## DIRECTIONS
Every line from the one with "MARTHA’S HAND, tumbled" through the last line below should be repeated exactly; pictures stay out of the copy.

──────── EXERCISE MATERIAL ────────

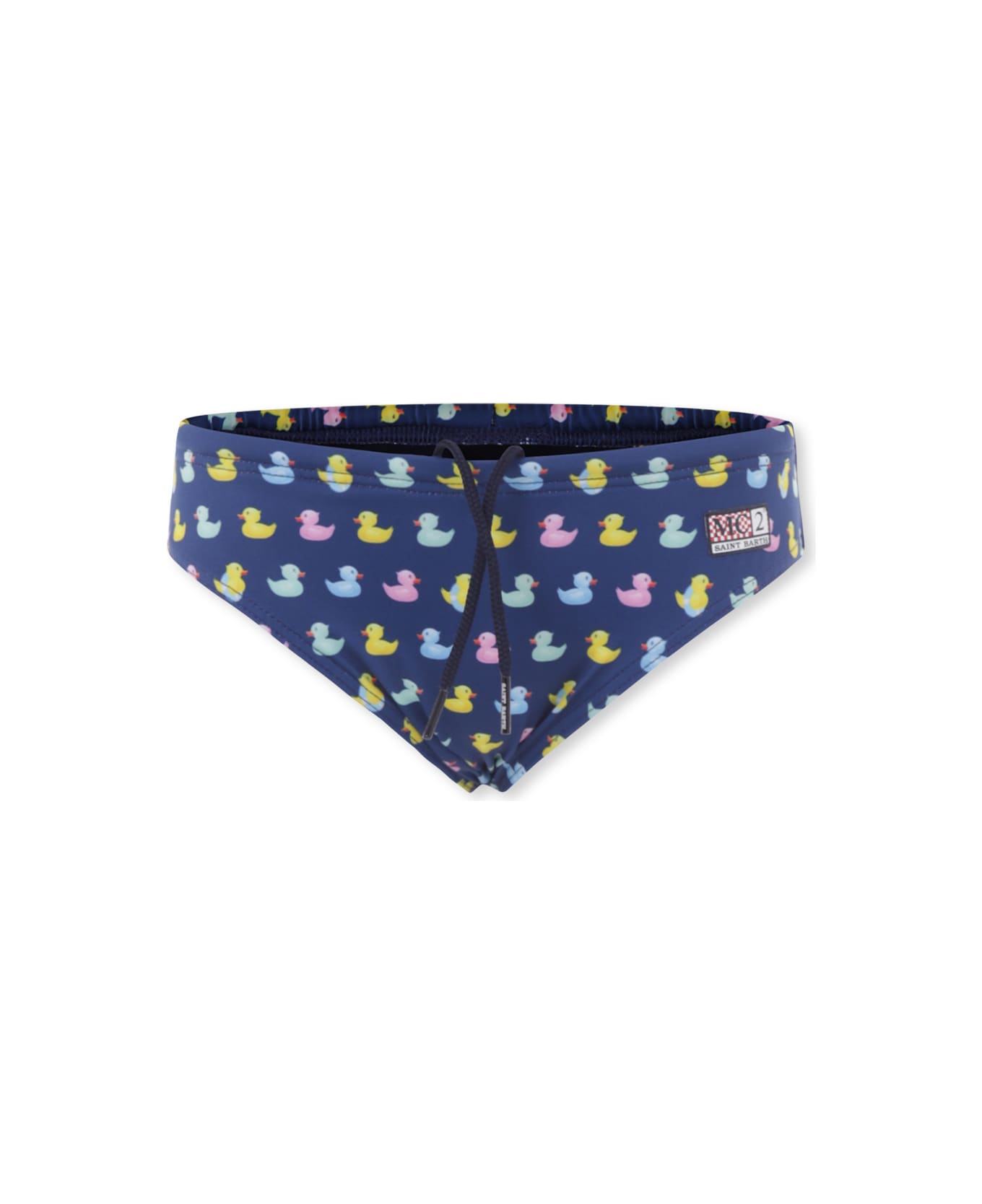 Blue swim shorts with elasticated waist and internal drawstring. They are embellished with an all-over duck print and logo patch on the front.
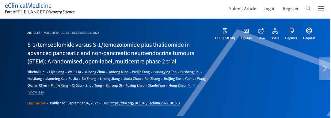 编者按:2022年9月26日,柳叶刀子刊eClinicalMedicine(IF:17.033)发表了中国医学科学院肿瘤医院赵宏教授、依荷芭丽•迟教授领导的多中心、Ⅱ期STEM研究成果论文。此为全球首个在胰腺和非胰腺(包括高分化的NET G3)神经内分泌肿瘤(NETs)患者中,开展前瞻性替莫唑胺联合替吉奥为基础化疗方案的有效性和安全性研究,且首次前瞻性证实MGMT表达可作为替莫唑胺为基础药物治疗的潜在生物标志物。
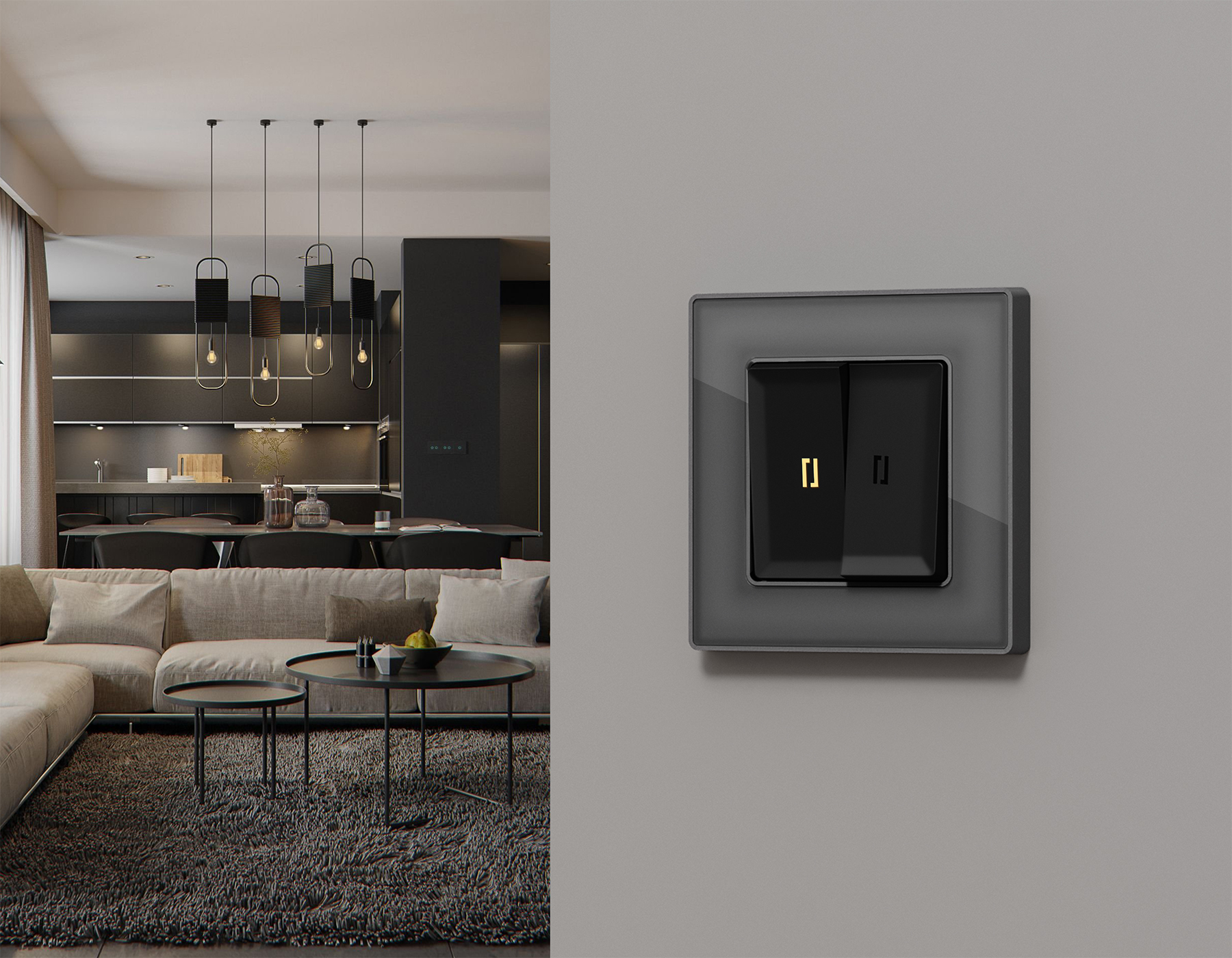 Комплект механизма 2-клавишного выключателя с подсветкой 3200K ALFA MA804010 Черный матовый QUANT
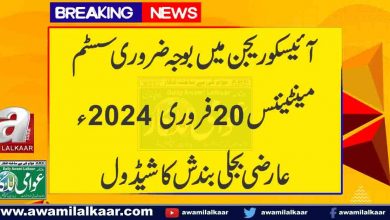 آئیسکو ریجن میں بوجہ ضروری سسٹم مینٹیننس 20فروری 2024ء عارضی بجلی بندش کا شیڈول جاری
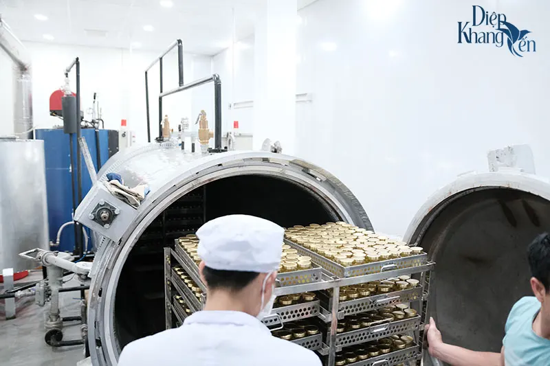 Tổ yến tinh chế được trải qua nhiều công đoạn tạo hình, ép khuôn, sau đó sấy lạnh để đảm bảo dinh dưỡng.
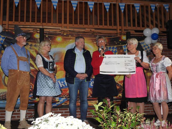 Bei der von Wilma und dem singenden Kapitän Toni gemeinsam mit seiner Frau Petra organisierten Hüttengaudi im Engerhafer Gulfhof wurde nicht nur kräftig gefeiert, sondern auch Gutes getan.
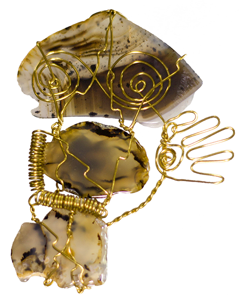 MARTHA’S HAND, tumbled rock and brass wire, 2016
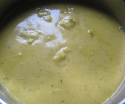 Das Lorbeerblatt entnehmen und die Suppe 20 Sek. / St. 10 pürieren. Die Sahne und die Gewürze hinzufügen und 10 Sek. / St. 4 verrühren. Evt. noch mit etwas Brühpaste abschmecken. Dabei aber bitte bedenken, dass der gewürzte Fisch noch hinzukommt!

────────

## ANSWER SPACE
 MARTHA’S HAND, tumbled rock and brass wire, 2016
 Das Lorbeerblatt entnehmen und die Suppe 20 Sek. / St. 10 pürieren. Die Sahne und die Gewürze hinzufügen und 10 Sek. / St. 4 verrühren. Evt. noch mit etwas Brühpaste abschmecken. Dabei aber bitte bedenken, dass der gewürzte Fisch noch hinzukommt!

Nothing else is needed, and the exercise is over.